Banks: Now expecting dividends next month
About the author:
- Author name:
- By Azib Khan
- Job title:
- Senior Analyst
- Date posted:
- 30 July 2020, 11:00 AM
- Sectors Covered:
As we flagged as a potential development last week, APRA has announced that it has eased dividend restrictions for Authorised Deposit-Taking Institutions (ADIs).
APRA has said that, for 2020, it expects ADIs to retain at least half of their earnings, and actively use dividend reinvestment plans (DRPs) and/or other capital management initiatives to at least partially offset the diminution in capital from distributions.
We are now forecasting FY20 dividends to be 45% of FY20F statutory NPAT for all of the Australian banks under our coverage.
What dividend do we expect from Commonwealth Bank (CBA), ANZ, Westpac (WBC) and BOQ?
We now expect CBA to declare a final dividend of $0.34 per share (fully franked) with its FY20 results release on the 12th of August. CBA has announced a $300m pre-tax remediation provision charge for 2H20; we have accordingly reduced our FY20 cash earnings forecast for CBA by 2.7%.
We also now expect ANZ and Westpac to declare deferred interim dividends next month. We expect WBC to declare a deferred interim dividend of $0.15 per share (fully franked) as part of its scheduled 3Q20 trading update on the 18th of August.
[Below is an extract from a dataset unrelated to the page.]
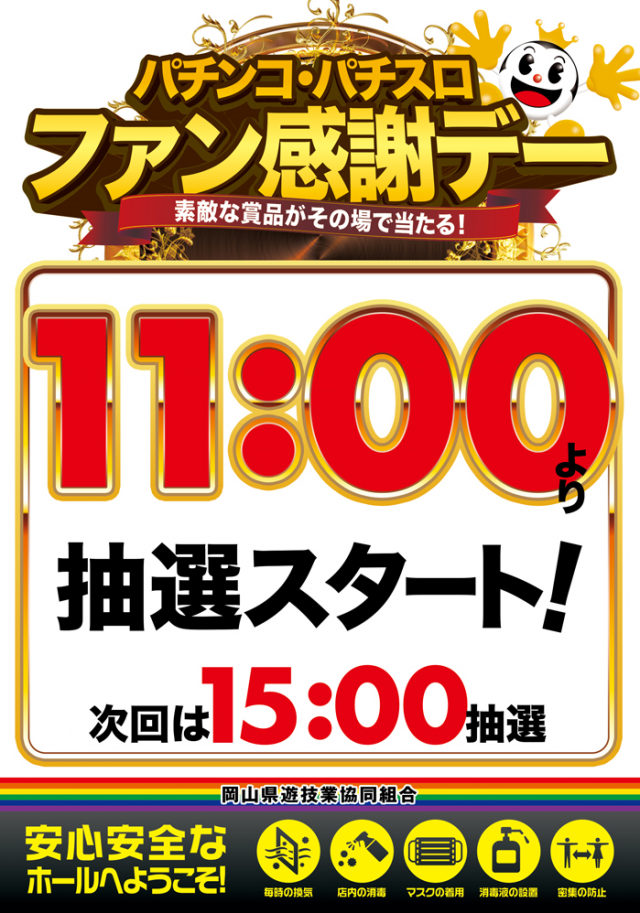本日朝9時ファン感謝DAY抽選券配布(予定) ご参加ください

We expect ANZ to declare a deferred interim dividend of $0.25 per share (70% franked) as part of its scheduled 3Q20 trading update on the 19th of August. These deferred interim dividend forecasts are based on a dividend payout ratio of 45% of 1H20 statutory NPAT.
While it's possible that BOQ will also declare a deferred interim dividend before its FY20 results release on the 14th of October, we are assuming that BOQ will just declare a final dividend on the 14th of October of $0.16 per share (fully franked) equivalent to 45% of its FY20 statutory NPAT.
We expect all of the Australian banks under our coverage to operate DRPs with no price discount.
Our FY21 dividend forecasts for the banks equate to 45% of our FY21F statutory NPAT; that is, we are assuming that dividend restrictions will continue in FY21F. We are assuming that dividend restrictions will not apply in FY22F.
Apart from the CBA change mentioned above, we have made no changes to our cash earnings forecasts.
Westpac (WBC) remains our preferred bank.
While we see the risk of WBC's AUSTRAC-related provision of $900m needing to be topped up (and this results in downside risk to our dividend forecasts for WBC), we believe this risk is more than baked into WBC's share price.
Our sector investment views are detailed in our last sector report titled Damage priced in is overdone.